Estos cristianos, que aceptan el naturalismo liberal, consideran quizá que la Europa de Carlomagno, de San Luis de Francia, de San Fernando de España, de San Esteban de Hungría, de los Reyes Católicos fue un sueño pasajero, y que sería una exageración afirmar la histórica realidad milenaria de la Cristiandad (cf. P. Alfredo Sáenz, S. J., La Cristiandad. Una realidad histórica, Fund. GRATIS DATE, Pamplona 2005). No combaten, consecuentemente, al Enemigo del género humano, considerándolo invencible, sino que se concilian con él, buscando un lugar favorable en su Imperio siniestro. Todo intento de evangelizar el mundo en su vida social y política sería irrealizable, y por tanto vano, inútil, malo, incluso perjudicial para la Iglesia.
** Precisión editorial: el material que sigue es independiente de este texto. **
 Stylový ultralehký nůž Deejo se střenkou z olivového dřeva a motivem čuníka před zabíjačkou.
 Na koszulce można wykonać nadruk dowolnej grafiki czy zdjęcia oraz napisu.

Pero «nada hay de quimérico en el programa [del Evangelio] al que se deben tantos beneficios de primer orden. Lo que es de verdad quimérico, lo que es irrealizable, es el programa de la Revolución, no el de la Iglesia. Cuando la Iglesia pone sus principios, aun cuando impliquen una perfección que no será jamás alcanzada en la tierra, quiere sus consecuencias, todas sus consecuencias. Cuando la Revolución pone sus principios, no quiere sino una parte de sus consecuencias; frena, encadena las consecuencias demasiado generales y extendidas; la consecuencia extrema y total sería el infierno. La Revolución no puede y no quiere ser lógica hasta el fin. La Iglesia puede y quiere serlo siempre: nada en el mundo es más práctico y menos quimérico» (V, 189).
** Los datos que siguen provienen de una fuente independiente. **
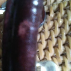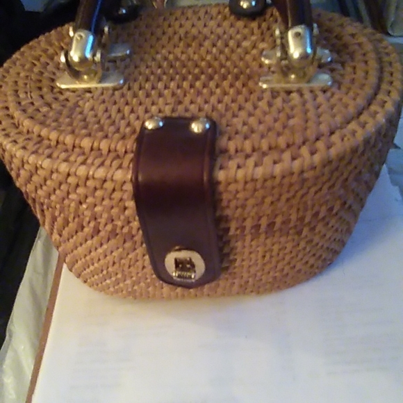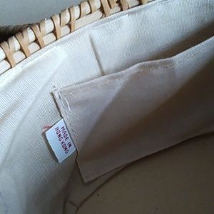 This is a wicker type ladies handbag, 8 1/2" x 5". This bag is very elegant and classy, and is ready for any occasion. This hand bag/basket has a snap closure and is lined on the inside with a single pocket. This bag is tan in color. This item was used once, however, a pen was left inside and some markings are present. No Return.

Supongamos el caso imposible de un pueblo que viviera cabezabajo, con los pies por alto, y que en consecuencia estuviera abrumado por males innumerables. De poco serviría que les lleváramos medicinas, alimentos, ropa, etc., si no cumpliéramos con aquellos pobres hombres la caridad más urgente: decirles que se pusieran de pie, con la cabeza arriba y los pies en la tierra. Solo la verdad podría liberarlos de sus miserias. Habríamos, pues, de advertirles bien claramente que, si no lo hacían, de ningún modo podrían superar sus males; habríamos de gritarles que, de seguir cabeza abajo ¡no tenían remedio! Y en el supuesto de que, obstinados en su error, no nos quisieran creer, nada nos eximiría del deber fraterno de «darles el testimonio de la verdad», una y mil veces. Ésa fue la norma del Obispo de Poitiers, y ésa es la norma de Cristo y de todos los santos.